◆ GOAL OF THE EXERCISE ◆
The expected copy holds every entry exactly and none of the pictures.

[MATERIAL SHOWN Boundary: Start]

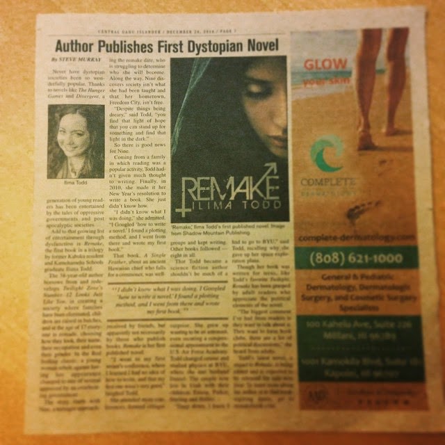 filming is over, lol. *shaka*I was interviewed by my local CBS station. They came to my house and we sat down to talk about everything from writing to Remake to homeschool to Hawaii. Since the reporter and cameraman have ties to Hawaii, we had a great time talking about the islands, making me miss home. :) You can watch the interview here.
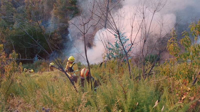 En el trabajo de contención del fuego han trabajado Bomberos de Lautaro y Perquenco, apoyados por brigadistas y aeronaves que están lanzando descargas de agua para sofocar las llamas en pastizales.
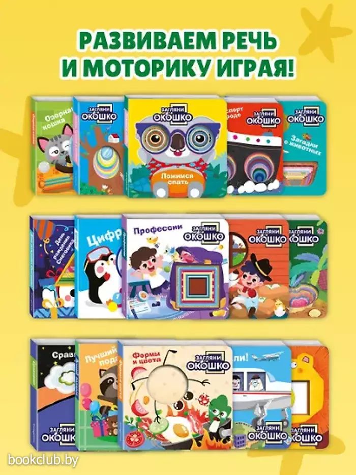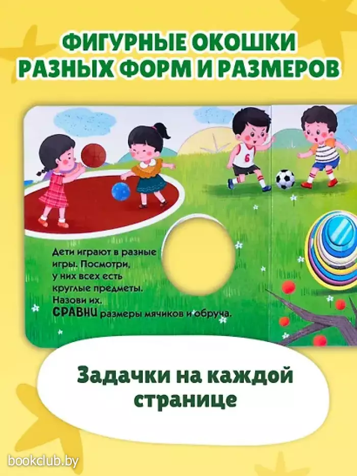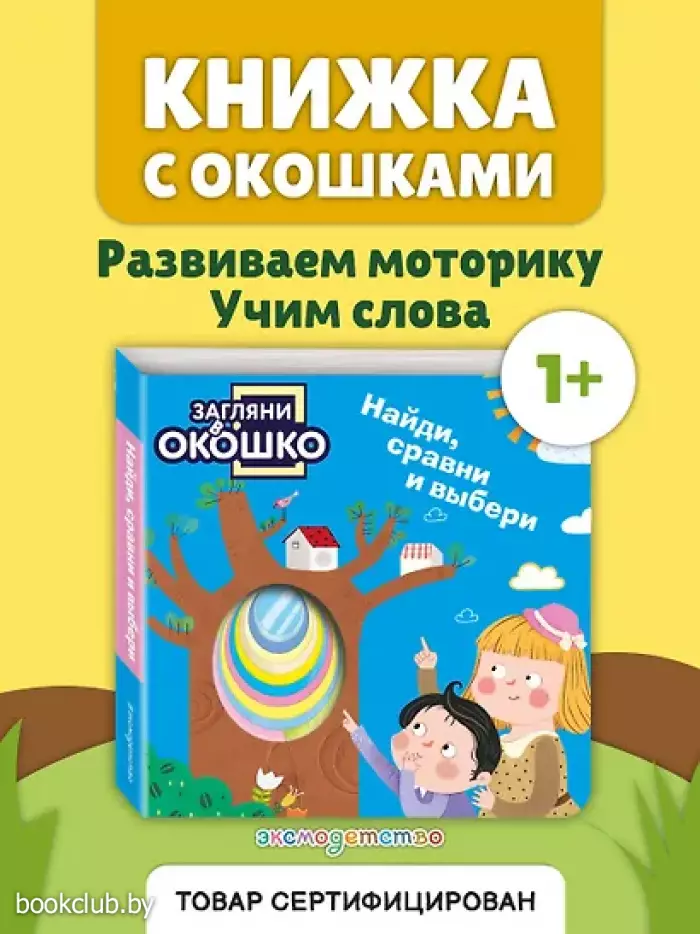 Интерактивная обучающая книжка-игрушка с фигурными окошками для малышей от 1 до 3 лет. Развивает мелкую моторику, внимание и память, расширяет словарный запас и кругозор. Загляни в окошко! Сегодня мы не просто читаем, а играем и проверяем знания! Давай найдем, сравним и выберем. Правильно ли кролик разложил овощи и фрукты на прилавке? У кого самый большой воздушный шар? Какой формы очки и часы у дедушки? Скорее открывай книжку, будем искать ответы вместе! На каждой странице тебя ждут фигурные окошки и интересные задания. Окошки разных форм и размеров создают углубленный рельеф, который хочется трогать снова и снова! Играй, запоминай и тренируй пальчики! Яркие картинки и интересные задания, безопасные материалы и скругленные углы делают эту книжку-игрушку отличным подарком по любому поводу для мальчиков и девочек. А небольшой формат позволяет легко держать ее в маленьких ручках во время игры с мамой и папой, читать дома или брать с собой в дорогу. Книги издательства «ЭКСМО» из серии «Загляни в окошко!» станут прекрасным дополнением вашей библиотеки. Для вашего удобства при оформлении заказа по телефону назовите код товара: 417038
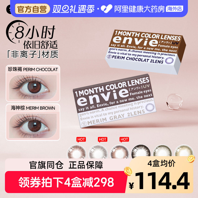 envie美瞳月抛2片大小直径彩色隐形近视眼镜盒官网正品非日抛
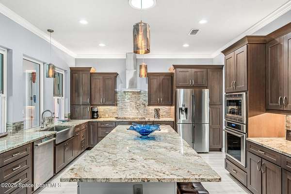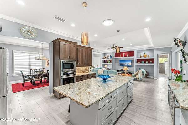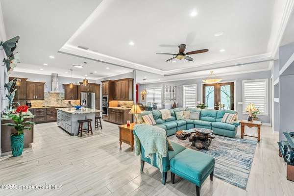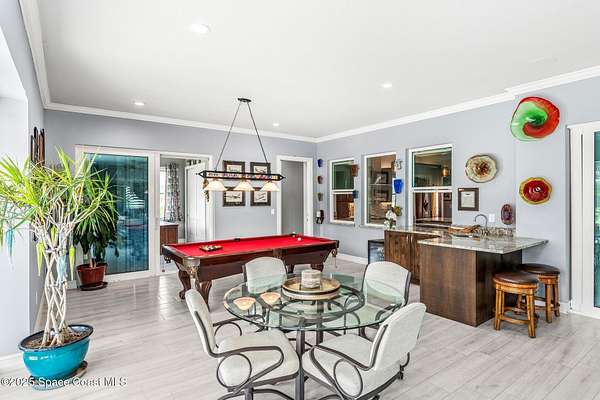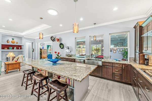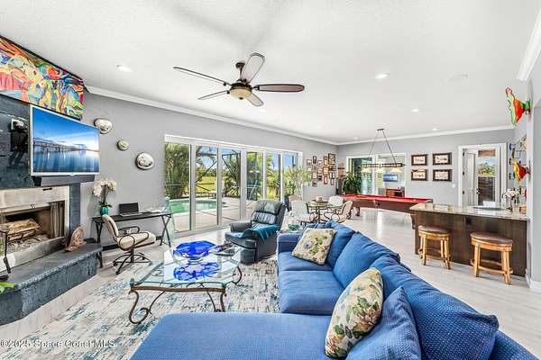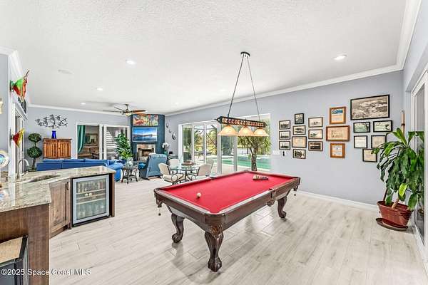 More than a house, this solar-powered estate is a retreat - a place where everyday living feels like a vacation. Set on 4.15 acres with a private pond and fountain, the property invites quiet mornings on the lanai with coffee and birdsong, afternoon swims in the screened saltwater pool warmed by electric heat, and evenings gathered around the Florida room fireplace or beneath a sky of stars. The fully opening Florida room with wet bar and pool table creates a seamless indoor-outdoor entertaining flow: poolside cookouts, relaxed cocktail hours, and holiday gatherings feel effortless here. For the home chef and serious entertainers, the island kitchen is built to perform - granite counters, pot filler, abundant storage, and thoughtful lighting make meal prep efficient and social. The formal dining area and adjacent great room with crown molding and built-ins provide elegant spaces for dinner parties or quiet family nights. Practical luxuries like the oversized laundry/pantry, tankless water heater, and whole-house 26kW Generac generator mean hosting and daily routines are comfortable, efficient, and worry-free. Privacy and resilience are hallmarks of the lifestyle here. With solar power, a 500-gallon propane tank, impact windows, metal roof, and backup generator, the estate supports long-term comfort and independence. The split bedroom plan ensures separation for guests or family members, while the primary suite two walk-in closets, jetted tub, double vanities, and a separate shower reads like a private spa retreat. Beyond comfort, the grounds offer a rare combination of recreation and serenity: the pond and fountain set a peaceful stage for reflection, birdwatching, or casual fishing, while the open acreage provides room for gardens, hobby demonstrations, or quiet strolls. Whether you crave active entertaining, serene privacy, or a self-sufficient weekend haven, this property delivers a refined, relaxed Florida lifestyle.
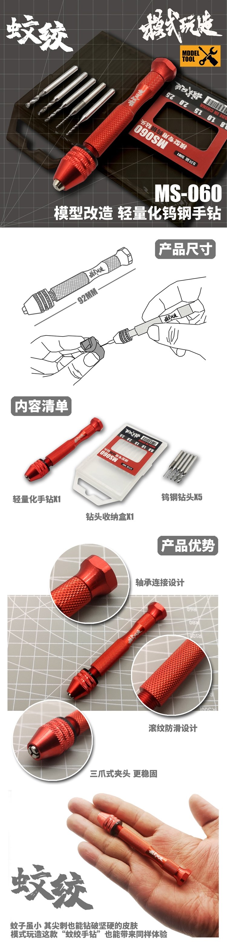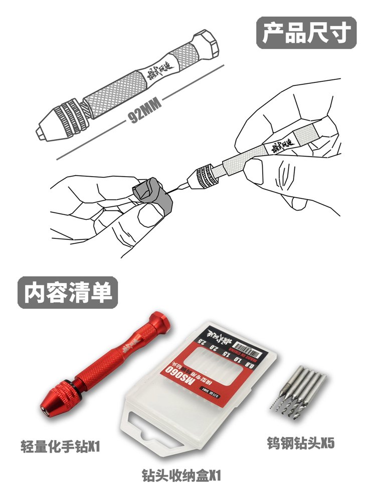 + 5 đầu mũi các cỡ: 0.8mm, 1.0mm, 1.5mm, 2.0mm, 2.5mm
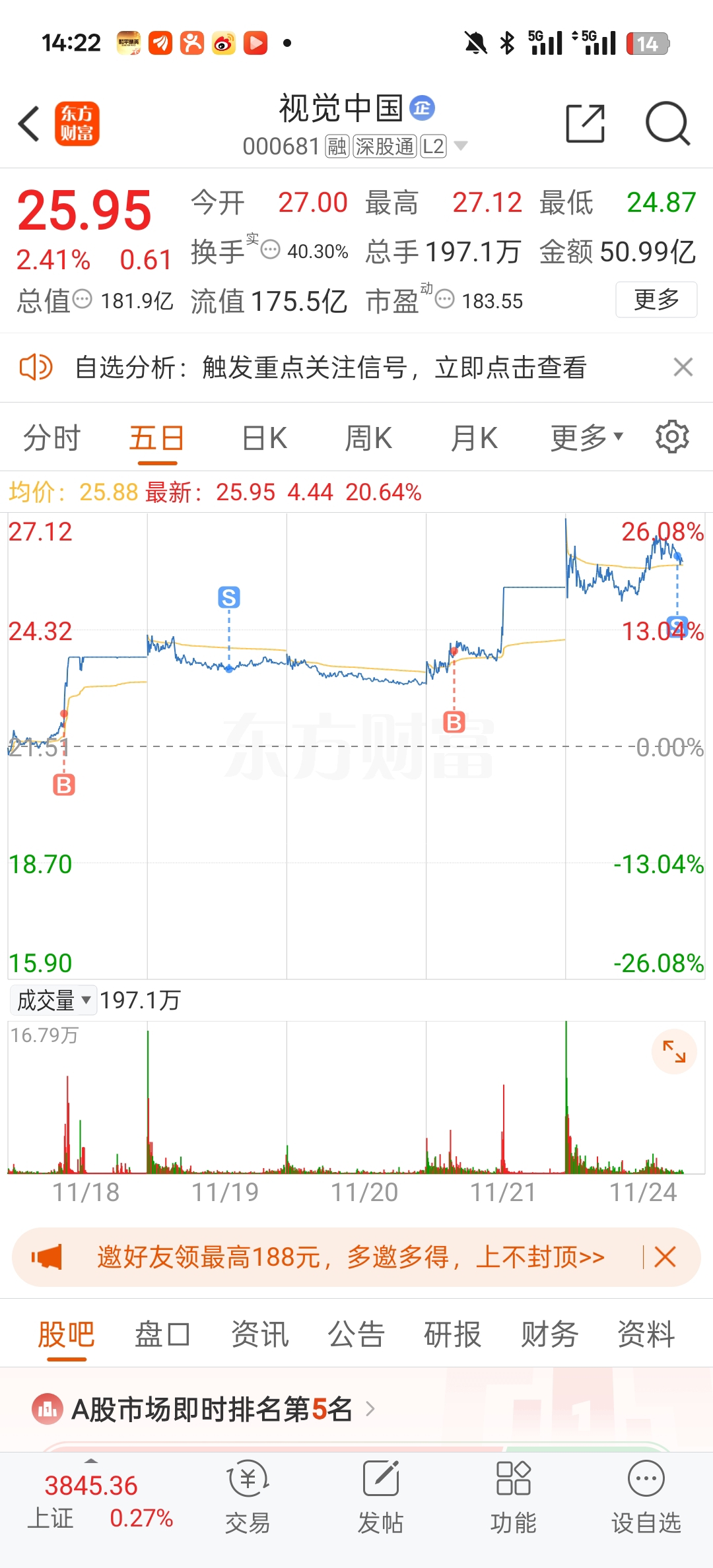 $视觉中国(SZ000681)$ 20个点,跑了,兄弟们发财
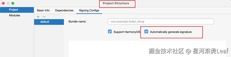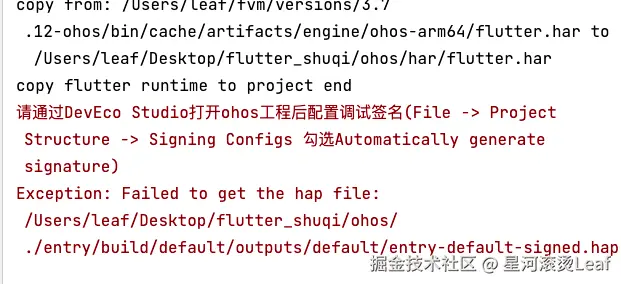这个时候,正常会报签名错误。看下面的截图可以发现,修复方式,就是使用DevDco Studio打开flutter_shuqi/ohos项目就行自动化签名即可。

[MATERIAL SHOWN Boundary: End]

◆ EXERCISE SOLUTION ◆
 filming is over, lol. *shaka*I was interviewed by my local CBS station. They came to my house and we sat down to talk about everything from writing to Remake to homeschool to Hawaii. Since the reporter and cameraman have ties to Hawaii, we had a great time talking about the islands, making me miss home. :) You can watch the interview here.
 En el trabajo de contención del fuego han trabajado Bomberos de Lautaro y Perquenco, apoyados por brigadistas y aeronaves que están lanzando descargas de agua para sofocar las llamas en pastizales.
 Интерактивная обучающая книжка-игрушка с фигурными окошками для малышей от 1 до 3 лет. Развивает мелкую моторику, внимание и память, расширяет словарный запас и кругозор. Загляни в окошко! Сегодня мы не просто читаем, а играем и проверяем знания! Давай найдем, сравним и выберем. Правильно ли кролик разложил овощи и фрукты на прилавке? У кого самый большой воздушный шар? Какой формы очки и часы у дедушки? Скорее открывай книжку, будем искать ответы вместе! На каждой странице тебя ждут фигурные окошки и интересные задания. Окошки разных форм и размеров создают углубленный рельеф, который хочется трогать снова и снова! Играй, запоминай и тренируй пальчики! Яркие картинки и интересные задания, безопасные материалы и скругленные углы делают эту книжку-игрушку отличным подарком по любому поводу для мальчиков и девочек. А небольшой формат позволяет легко держать ее в маленьких ручках во время игры с мамой и папой, читать дома или брать с собой в дорогу. Книги издательства «ЭКСМО» из серии «Загляни в окошко!» станут прекрасным дополнением вашей библиотеки. Для вашего удобства при оформлении заказа по телефону назовите код товара: 417038
 envie美瞳月抛2片大小直径彩色隐形近视眼镜盒官网正品非日抛
 More than a house, this solar-powered estate is a retreat - a place where everyday living feels like a vacation. Set on 4.15 acres with a private pond and fountain, the property invites quiet mornings on the lanai with coffee and birdsong, afternoon swims in the screened saltwater pool warmed by electric heat, and evenings gathered around the Florida room fireplace or beneath a sky of stars. The fully opening Florida room with wet bar and pool table creates a seamless indoor-outdoor entertaining flow: poolside cookouts, relaxed cocktail hours, and holiday gatherings feel effortless here. For the home chef and serious entertainers, the island kitchen is built to perform - granite counters, pot filler, abundant storage, and thoughtful lighting make meal prep efficient and social. The formal dining area and adjacent great room with crown molding and built-ins provide elegant spaces for dinner parties or quiet family nights. Practical luxuries like the oversized laundry/pantry, tankless water heater, and whole-house 26kW Generac generator mean hosting and daily routines are comfortable, efficient, and worry-free. Privacy and resilience are hallmarks of the lifestyle here. With solar power, a 500-gallon propane tank, impact windows, metal roof, and backup generator, the estate supports long-term comfort and independence. The split bedroom plan ensures separation for guests or family members, while the primary suite two walk-in closets, jetted tub, double vanities, and a separate shower reads like a private spa retreat. Beyond comfort, the grounds offer a rare combination of recreation and serenity: the pond and fountain set a peaceful stage for reflection, birdwatching, or casual fishing, while the open acreage provides room for gardens, hobby demonstrations, or quiet strolls. Whether you crave active entertaining, serene privacy, or a self-sufficient weekend haven, this property delivers a refined, relaxed Florida lifestyle.
 + 5 đầu mũi các cỡ: 0.8mm, 1.0mm, 1.5mm, 2.0mm, 2.5mm
 $视觉中国(SZ000681)$ 20个点,跑了,兄弟们发财
这个时候,正常会报签名错误。看下面的截图可以发现,修复方式,就是使用DevDco Studio打开flutter_shuqi/ohos项目就行自动化签名即可。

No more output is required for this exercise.